What is being asked: Exact copy, pictures excluded: reproduce every record below.

Extracted entries:
========================================================================

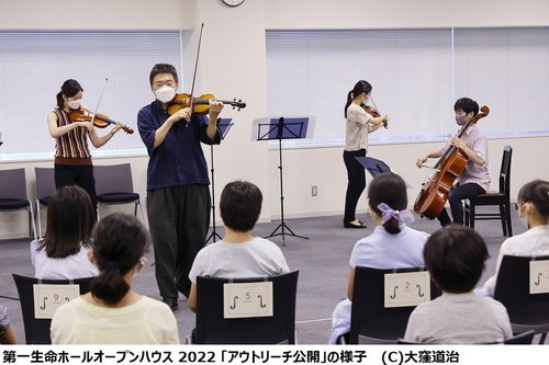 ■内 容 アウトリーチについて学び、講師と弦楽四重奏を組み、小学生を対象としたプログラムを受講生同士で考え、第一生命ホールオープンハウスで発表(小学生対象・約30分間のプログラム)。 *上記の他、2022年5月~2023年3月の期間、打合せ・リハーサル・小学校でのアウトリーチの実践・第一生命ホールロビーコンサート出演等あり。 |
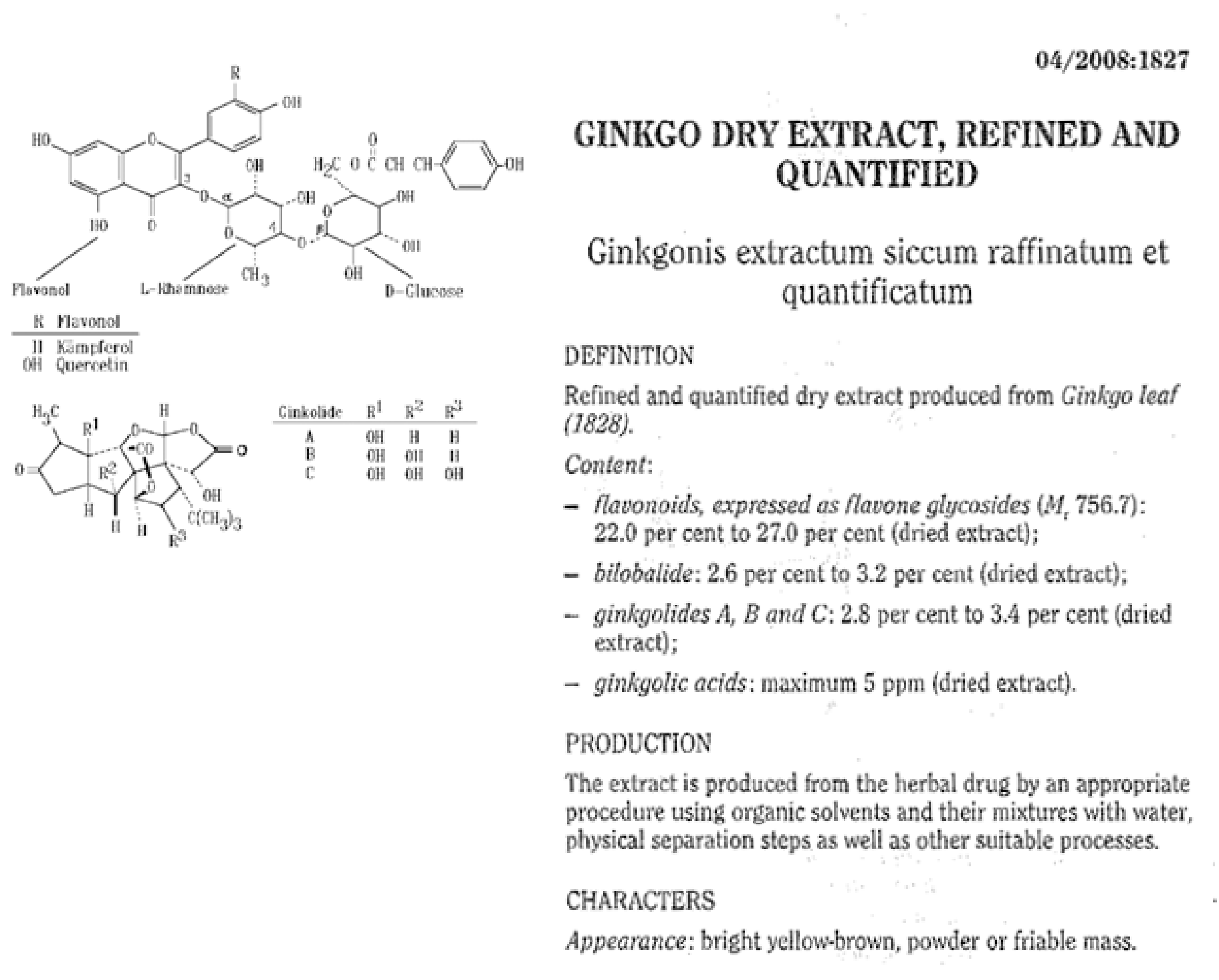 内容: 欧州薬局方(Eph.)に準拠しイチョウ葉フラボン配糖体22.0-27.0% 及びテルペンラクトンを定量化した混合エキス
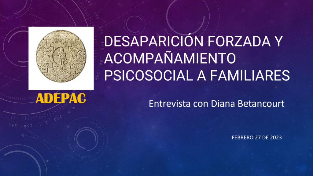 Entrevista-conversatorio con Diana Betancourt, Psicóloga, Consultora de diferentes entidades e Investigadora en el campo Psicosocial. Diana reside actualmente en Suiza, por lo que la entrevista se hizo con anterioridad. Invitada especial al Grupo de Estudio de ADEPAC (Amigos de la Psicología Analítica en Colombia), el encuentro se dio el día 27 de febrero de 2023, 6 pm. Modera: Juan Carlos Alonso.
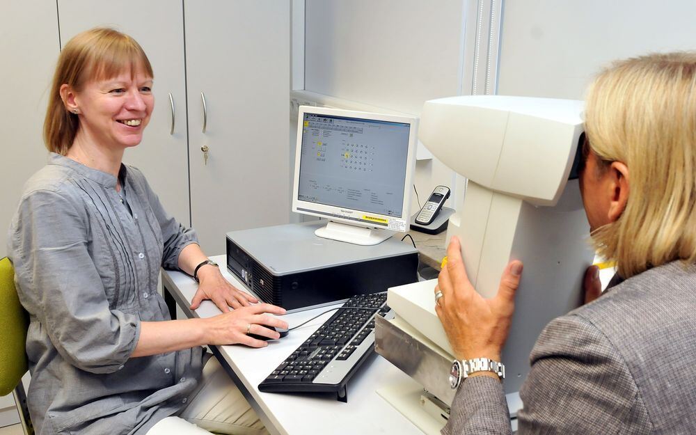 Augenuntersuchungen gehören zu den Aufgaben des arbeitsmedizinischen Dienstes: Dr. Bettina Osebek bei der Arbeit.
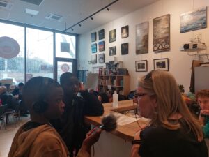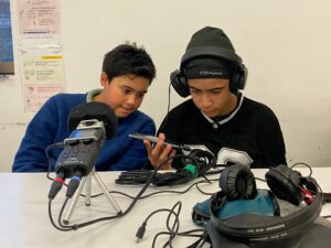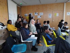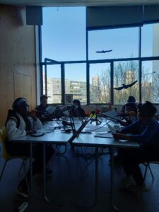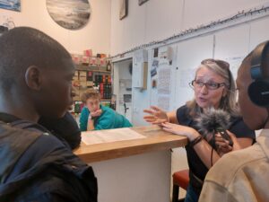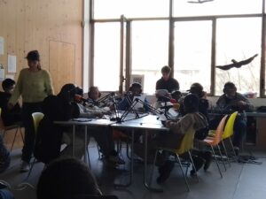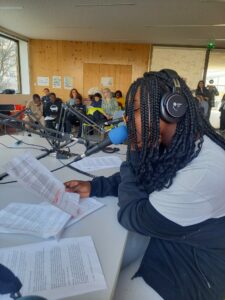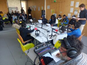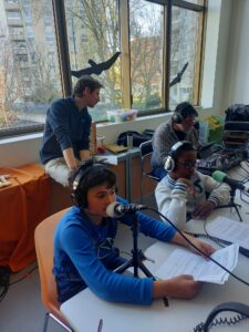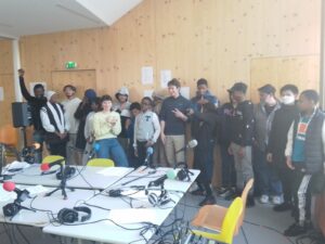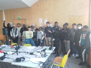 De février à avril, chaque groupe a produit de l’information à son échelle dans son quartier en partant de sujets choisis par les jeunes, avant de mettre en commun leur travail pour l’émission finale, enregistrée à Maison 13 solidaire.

========================================================================

Worked solution:
 ■内 容 アウトリーチについて学び、講師と弦楽四重奏を組み、小学生を対象としたプログラムを受講生同士で考え、第一生命ホールオープンハウスで発表(小学生対象・約30分間のプログラム)。 *上記の他、2022年5月~2023年3月の期間、打合せ・リハーサル・小学校でのアウトリーチの実践・第一生命ホールロビーコンサート出演等あり。 |
 内容: 欧州薬局方(Eph.)に準拠しイチョウ葉フラボン配糖体22.0-27.0% 及びテルペンラクトンを定量化した混合エキス
 Entrevista-conversatorio con Diana Betancourt, Psicóloga, Consultora de diferentes entidades e Investigadora en el campo Psicosocial. Diana reside actualmente en Suiza, por lo que la entrevista se hizo con anterioridad. Invitada especial al Grupo de Estudio de ADEPAC (Amigos de la Psicología Analítica en Colombia), el encuentro se dio el día 27 de febrero de 2023, 6 pm. Modera: Juan Carlos Alonso.
 Augenuntersuchungen gehören zu den Aufgaben des arbeitsmedizinischen Dienstes: Dr. Bettina Osebek bei der Arbeit.
 De février à avril, chaque groupe a produit de l’information à son échelle dans son quartier en partant de sujets choisis par les jeunes, avant de mettre en commun leur travail pour l’émission finale, enregistrée à Maison 13 solidaire.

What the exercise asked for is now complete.